Blog:Vote For None Of The Above
From Bolton Interweb
Cary Urbagg, Political Correspondent, 31st January 2010
Mandelson, Prince of Darkness, is in Davros this week. I am not sure about spending public money on a Dalek Convention but in any case he gave a political interview to the BBC that was notable, as usual, for using lots of words to say precisely nothing. Incredibly he claimed, when pressed on Labour lagging in the opinion polls, that he did not follow every poll. If you ever had doubts about the Prince’s ability to tell bare-faced lies, this kind of ridiculous statement should put those doubts to bed. Typically it is not the Government’s fault but everyone else’s, and this is one of the major problems of our current government, denial. The Prince used two stock phrases that seem to be favourites amongst politicians at the moment. “What the people want is…” Well the opinion polls say what the people want and, Mr Mandelson, it ain’t you or Charlie Brown. So if I were you I would start to pay attention to them. The other one was “people will have a choice”. And that is crap too. We have a choice of one lot of dishonest self-serving wastrels or another set of equally dishonest self-serving wastrels. You have a choice of spending cuts and tax hikes, or spending cuts and tax hikes. You can bet those doing the cutting and hiking will not be scrimping on food and fuel bills either way. On everything else you would be hard put to notice who is in power as well.
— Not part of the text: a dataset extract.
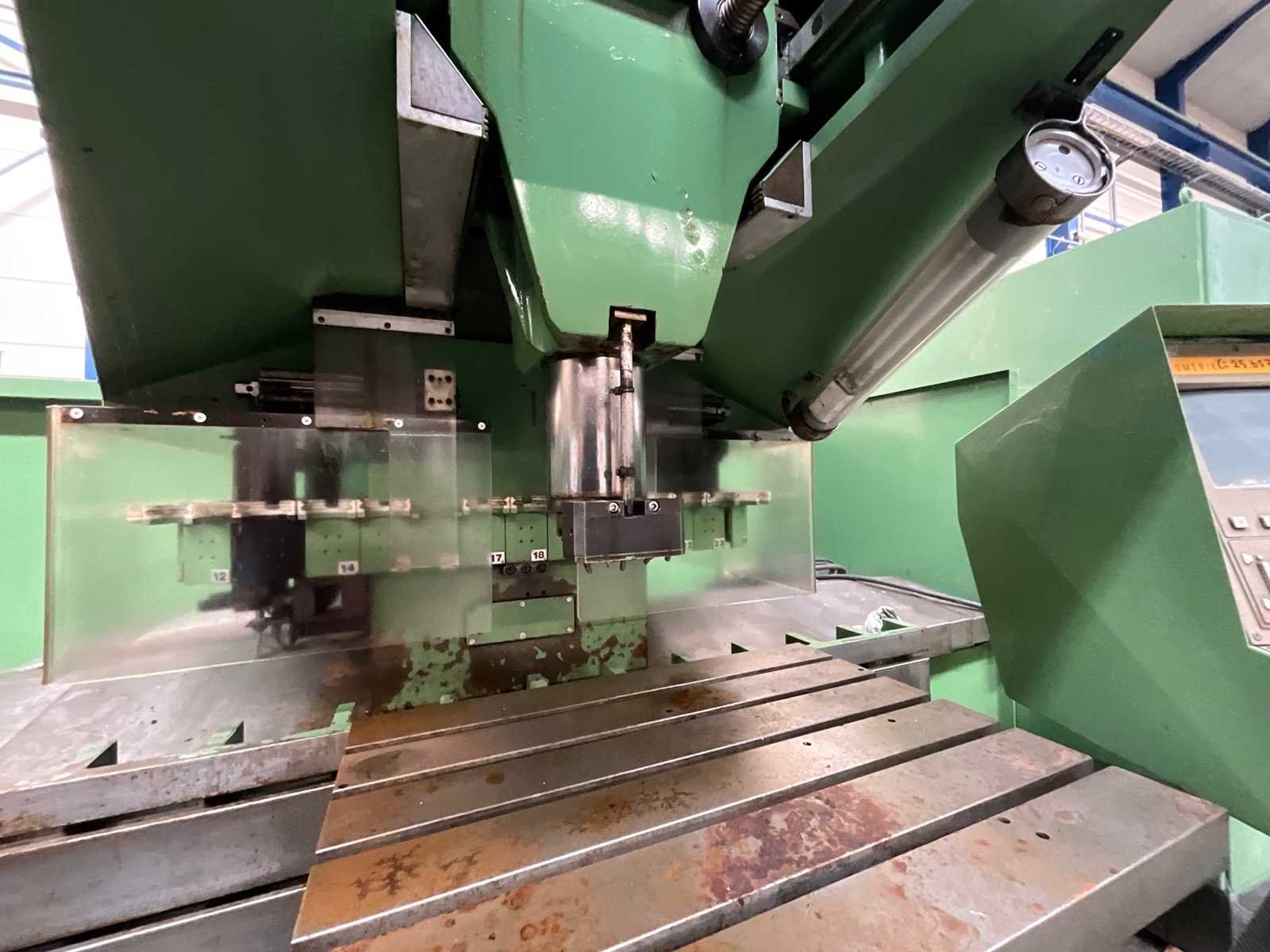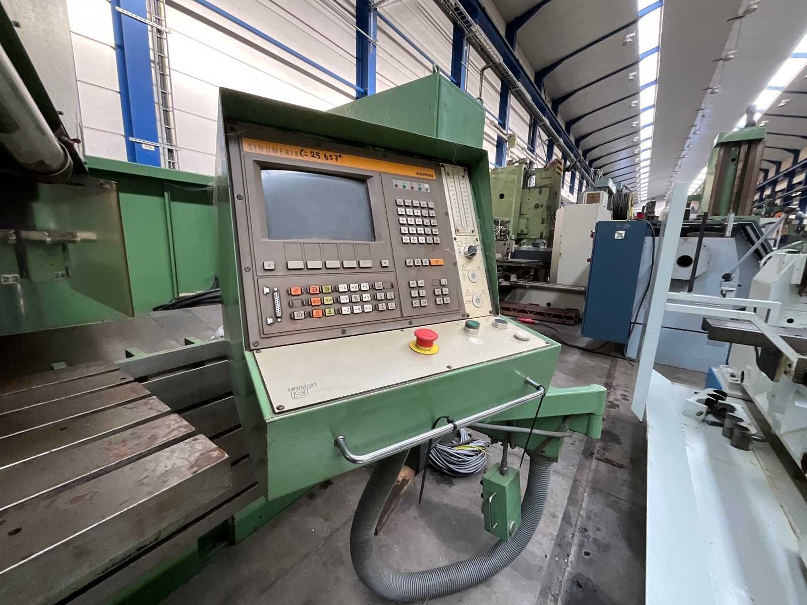 CNC – Vert. Machining Centre Inv. No. 10.653MM Make UNISIGN Model Univers 4 Control Siemens Sinumerik 810D Travel X (Longitidinal) 1.600 mm Y (Cross) 400 mm Z (Spindle Height) 400 mm Taper ISO 40 Table 700 x 400 mm Load 600 kg Distance Spindle Nose to Table 150-550 mm R.P.M. 9.000 Main spindle kW 14 Rapid Traverse X,Y,Z 5-28.000 mm/min. Feedrate X,Y,Z 28.000 mm/min. A.T.C. 44 pos. Nee Merk: UNISIGN Type: UNIVERS 4 Verplaatsing x-as: 1600mm Verplaatsing y-as: 400mm Verplaatsing z-as: 400mm Opname: ISO 40 Snelheid van n =: 0rpm Snelheid tot n =: 9000rpm Tafel afmeting l: 700mm Tafel afmeting b: 400mm Werkstuk gewicht max.: 600kg CNC-besturing, merk, type: SIEMENS SINUMERIK 810D Motorvermogen (kW): 14kW Aansluiting: 380V Afmeting l: 3300mm Afmeting b: 220mm Afmeting h: 3000mm GS Code: 84571090 Leveringsvoorwaarden: Geladen op vrachtwagen

It seems that whether you want to vote Labour or Tory, every time a representative of either opens their mouth they give you a reason not to vote for them. You could vote Lib Dem but I can’t tell how they are any different either. And this is one of the big dangers. Inevitably, the excruciatingly poor performance of our politicians will throw up a very low General Election turnout and help out some of the extremist parties such as the BNP. They can’t be any worse can they? Well, yes they can, very much worse, but the major parties only have themselves to blame. The best we can hope for is a severely hung parliament where all parties have to work together. True, this means no change to anything at all but at least we may be able to gather the talent that is so thin on the ground together in one place, and ensure that no nutcase ideas see the light of day. Ken Clarke and Vince Cable jointly running the Treasury perhaps. Alan Johnson as PM. Mandelson as Minister for Deep Mines. Charlie Brown in charge of haggis production on Skye. Cameron in charge of legislation to ban fake tans.
This may be unpopular as a view but Tony Blair’s performance on Friday at the Iraq enquiry made me long for the good old days when Teflon Tony was at the height of his powers. None of us, and I include all his critics in the Opposition and Lib Dems, were in his position as Prime Minister. He had to make a judgement and a decision and he took one that carried a huge political risk. Saddam was a risk to the stability of the Middle East, a mass murderer, with a history of contempt for the UN and weapons inspectors. Blair took no risks with our safety and even though, as it turned out, there were no weapons of mass destruction, the world is undoubtedly a better place without Saddam. Blair’s mistake was to hype up his case and give the impression he was Bush’s poodle, and for that he has paid the penalty - he is no longer PM and his place in history is leaning towards being on a par with Pol Pot. But whilst I have no doubt he regrets any loss of life that followed his decision, he had to make a choice between that and the loss of life that might follow doing nothing. I guess he thought then, and still thinks, that on balance he took the lesser of two pretty mighty evils, and hence has no remorse or regrets about that decision.
Had Saddam been allowed to remain in power, would we be seeing an enquiry into the destruction of Israel and genocide of the Kurdish and Shiite Muslim peoples, and why our Prime Minister did not act to prevent such things happening? Did we learn nothing from the appeasement of Hitler? According to the New York Times, Saddam murdered a million of his own people, tortured and maimed many more than that, and was responsible for a million or so deaths in the Iran-Iraq War. There was the little matter of having previously invaded a neighbour, Kuwait, too. Whatever the death toll since the invasion in 2003, most of that inflicted on Iraqis by insurgents, it cannot compare and so Iraq is undoubtedly a safer place today and Blair can be said to have saved hundreds of thousands of lives. It just doesn’t suit his critics to mention that. Frankly I am glad Blair had the guts to make the tough decisions. I just wonder whether today’s lightweights would have tried to hang Churchill, perhaps literally, in 1945 on the grounds that before we declared war on Germany there was no evidence they intended to attack Britain. At heart I am a pacifist not a militarist, but this is not a perfect world and evil psychopaths exist that cannot be negotiated with. Sometimes wars are just and moral, and Iraq was one of these times. I told you this view may be unpopular.